Of the Vintage & Royale, I find the Vintage the easiest to use, whilst Royale's an awesome product I've found it harder to work with.

Just my 2 cents worth


----------



## feslope (Aug 16, 2009)

nortonski said:


> I have Vintage & Royale & have used MANY other waxes from the Swissvax range, but not CR.
> 
> Of the Vintage & Royale, I find the Vintage the easiest to use, whilst Royale's an awesome product I've found it harder to work with.
> 
> Just my 2 cents worth


+1 I also have Vintage and Royale and share Nortonski's assessment. You will be hard pressed to see a visible difference in the end result among the three. Zymol's refills for life tipped the scales for me. For a high end Nuba Vintage is a great deal. I have not used any of the Swissvax products.


----------



## supercharged (Feb 1, 2008)

Why not get both Vintage and Crystal Rock to see what you like better for yourself. I'm sure both are very nice (I only used Vintage), and if you are looking at waxes in this price range, I'm sure you can afford both of them...BTW, you do get free lifetime refills on Vintage, but I'm sure CR is far easier in terms of application, just like any other SV wax...I have SV Zuffenhausen, Insignis, and a sample of Vintage and Royal...Insignis is the easiest to apply/remove.


----------



## atomicfan (Jan 21, 2008)

I have all the 3 and like vintage best, due to the best beading and it holds up very well. Royale has a better durability but it is very similiar to vintage.

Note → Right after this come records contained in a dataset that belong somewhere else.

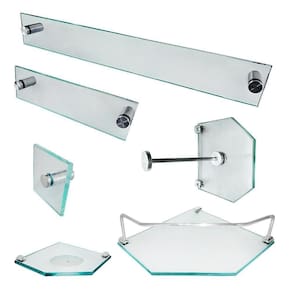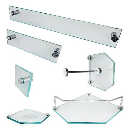 Características Material vidro/alumínio brilhante Vidro incolor polido e lapidado Saboneteira com furo para escoar a água Produto de fácil instalação Itens de alta qualidade, estilo e modernidade para o seu banheiro Kit de instalação incluso
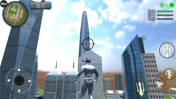 1、城市守护玩法:在开放世界中巡逻,阻止反派破坏城市设施,利用龙卷风卷飞坦克,光束射击击落敌方飞机。
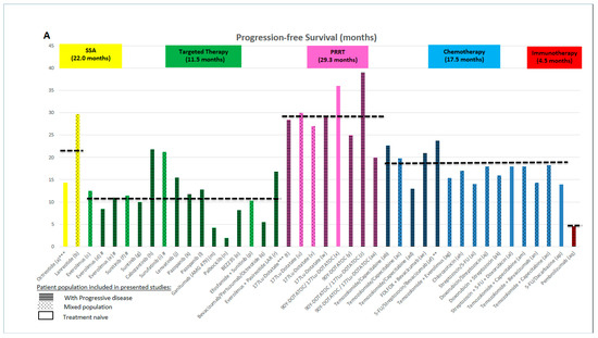 (A) Graphical representation and pooled progression-free survival (PFS) and (B) objective response rate (ORR) by treatment group. Data for the studies summarised in Tables S1–S5 are presented. Mean PFS and ORR are calculated from studies with data available. PRRT: Peptide receptor radionuclide therapy; SSA: somatostatin analogue. a—PROMID trial—Octreotide arm [20,21]; b—CLARINET trial—Lanreotide arm [19,60]; c—Phase II study, Yao et al., 2008—Everolimus arm [102]; d—RADIANT-1—Everolimus arm [22]; e—RADIANT-3—Everolimus arm [24,103]; f—SUN111—Sunitinib arm [26,27]; g—Retrospective, Rinzivillo et al., 2018—Sunitinib arm [65]; h—Phase II study NCT01466036—Cabozantinib arm [71]; i—Phase I/II study NCT02267967—Surufatinib arm [73]; j—TALENT trial—Lenvatinib arm [72]; k—Phase II study, Phan et al., 2010—Pazopanib arm [18]; l—PAZONET—Pazopanib arm [70]; m—Phase II study NCT01024387—Ganitumab (AMG 479) arm [77]; n—PALBONET—Palbociclib arm [74]; o—Phase II study, Salazar et al., 2018—BEZ235 arm [63]; p—SUNEVO (GETNE 1408)—Efosfamide/Sunitinib arm [104]; q—Phase II study, Bendell et al., 2016—Bevacizumab/Pertuzumab/Octreotide arm [105]; r—COOPERATE-2 trial—Everolimus/Pasireotide LAR arm [62]; t—NETTER-1 trial—177Lu-Dotatate arm [36,106]; u—Retrospective, T.Brabader et al., 2017—177Lu-Dotatate arm [37]; v—Prospective observational study, Garske-Román, U et al., 2018—177Lu-Dotatate arm [38,43]; w—Phase II study, Sansovini et al., 2017—177Lu-Dotatate arm [39,43]; x—Prospective trial, Bertani et al., 2016—90Y-DOTATOC/177Lu-DOTATOC arm [41,43]; y—Phase II study, Rogowski et al., 2016—90Y-DOTATOC arm [43,44]; z—Retrospective, Horsch et al., 2016—90Y-DOTATOC/177Lu-DOTATOC arm [43,47]; aa—Retrospective, Baum et al., 2018—90Y-DOTATOC/177Lu-DOTATOC arm [43,46]; ab—E2211 trial—Temozolomide/Capecitabine arm [31]; ac—Retrospective study, De Mestier et al., 2019—Temozolomide/Capecitabine arm [32]; ad—Retrospective study, Campana et al., 2018—Temozolomide/Capecitabine arm [33]; ae—Phase II study, Kunz et al., 2016—FOLFOX + Bevacizumab arm [89]; af—BETTER trial—5-FU/Streptozocin/Bevacizumab arm [28]; ag—Phase I/II, Chan et al., 2013—Temozolomide + Everolimus arm [92]; ah—Phase III study, Moertel et al., 1992—Chlorzotocin-arm [30]; ai—Phase III study, Moertel et al., 1992—Streptozotocin/5-FU arm [30]; aj—Phase III study-Moertel et al., 1992—Doxorubicin/Streptozotocin arm [30]; ak—Retrospective study, Delaunoit et al., 2004—Doxorubicin + Streptozotocin [83]; al—Retrospective, Kouvaraki et al., 2004—Streptozotocin/5-FU/Doxorubicin arm [84]; am—Retrospective, Strosberg et al., 2011—TEM/CAP arm [34]; an—Phase II study, Chan et al., 2012—Temozolomide/Bevacizumab arm [91]; ao—Retrospective, De Mestier et al., 2019—EM/CAP arm [35]; ap—Retrospective, De Mestier et al., 2019—5-FU/Dacarbazine arm [35]; aq—KEYNOTE -028—Pembolizumab arm [49]; ar—Single-arm open-label study, Halperin et al., 2019—Ziv-Aflibercept arm [75]; as—Phase II study, Jin et al., 2016—Panobinostat arm [76]; at—Phase II, Imhof et al., 2011—90Y-DOTATOC arm [42]; au—Expanded access trial, Hamiditaba et al.r, 2017—177Lu-DOTATOC arm [45]; av—Dumont et al., 2015—90Y-DOTATOC/177Lu-DOTATOC arm [40]; aw—Retrospective study, Turner, 2010—Streptozotocin/5-FU/Cisplatin arm [85]; ax—Phase II study, Ramanathan, 2001—Dacarbazine arm [86]; ay—Phase II study, Kulke, 2006—Temozolomide/Thalidomide arm [90]; az—Phase II study, Venook, 2008—5-Fu/Oxaliplatin/Bevacizumab arm [87]; ba—Phase II study, Kunz, 2010—Capecitabine/Oxaliplatin/Bevacizumab arm [88]; bb—Phase II multicentre study, NCT02955069—Spartalizumab arm [50]; * No patients with PanNETs were included in the trial; ** at 24th month; *** NO SEPARATE INFORMATION ABOUT patients with PanNETS; # Central review.

CR is a great wax but i found it lasts not very well


----------



## vrecaro (May 10, 2010)

supercharged said:


> Why not get both Vintage and Crystal Rock to see what you like better for yourself. I'm sure both are very nice (I only used Vintage), and if you are looking at waxes in this price range, I'm sure you can afford both of them...BTW, you do get free lifetime refills on Vintage, but I'm sure CR is far easier in terms of application, just like any other SV wax...I have SV Zuffenhausen, Insignis, and a sample of Vintage and Royal...Insignis is the easiest to apply/remove.

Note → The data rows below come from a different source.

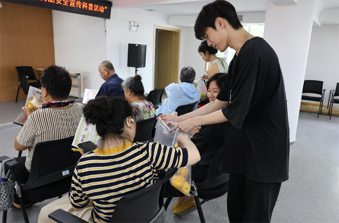 從物料制作到模擬演練,實踐隊始終秉持“精益求精”的專業態度。宣傳部成員嚴格遵循“大字、多圖、案例化”原則,將醫學知識轉化為直觀的海報與傳單;策劃部重制PPT時,反復核對數據準確性與案例典型性;全體隊員參與模擬宣講,扮演“挑刺居民”提出各類問題,如“糖尿病患者能吃這個水果嗎”,倒逼宣講者細化答疑策略。8月30日,正式宣講在鞭指巷社區拉開帷幕,隊員們通過PPT講解、實物對比(真假藥品包裝)、現場答疑等形式,生動解讀健康知識。活動間隙,隊員們還為居民分發新鮮水果,傳遞健康關懷,現場互動頻繁,氣氛熱烈。
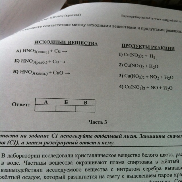 A) 4HNO3(конц.) + Cu = Cu(NO3)2 + 2NO2 + 2H2O
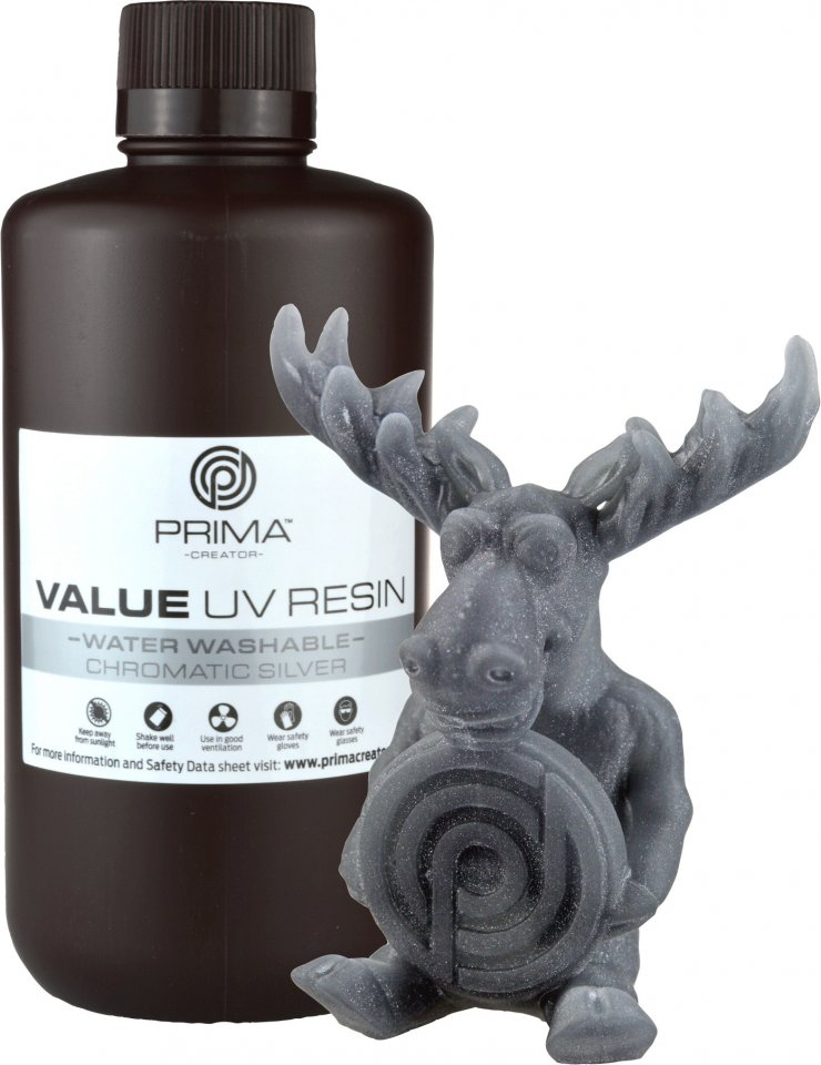 PrimaCreator Value Water Washable UV Resin -hartsi 3D -tulostimeen, 1000 ml, krominen hopea

If I can eliminate Royale as a contender, then yes, I can probably justify getting both Vintage and Crystal Rock


----------



## vrecaro (May 10, 2010)

Found what I'm looking for... Car Wax World Championship 2009 :thumb::thumb:

http://www.cwwc2009.com/index.html

...though the English version needs updating, and the tests seems to still be on going.

Too bad only Vintage vs. Crystal rock... no Royale in the mix


----------



## *MAGIC* (Feb 22, 2007)

Vintage for me.

And I own all 3.

Robbie


----------



## feslope (Aug 16, 2009)

vrecaro said:


> Found what I'm looking for... Car Wax World Championship 2009 :thumb::thumb:
> 
> http://www.cwwc2009.com/index.html
> 
> Too bad only Vintage vs. Crystal rock... no Royale in the mix


Royale does not belong in this mix it is in a league of its own. If you want the bragging rights buy Royale. From an overall standpoint Vintage stands out.


----------



## DiamondD (Feb 26, 2010)

What i like is how many say they have used all 3 or claim to have all 3 waxes but always have different opinions since there is not much difference besides the nuba content and cost.

I have vintage an royale i don't have cr i have used it but don't own it and unlike some can prove what i have. 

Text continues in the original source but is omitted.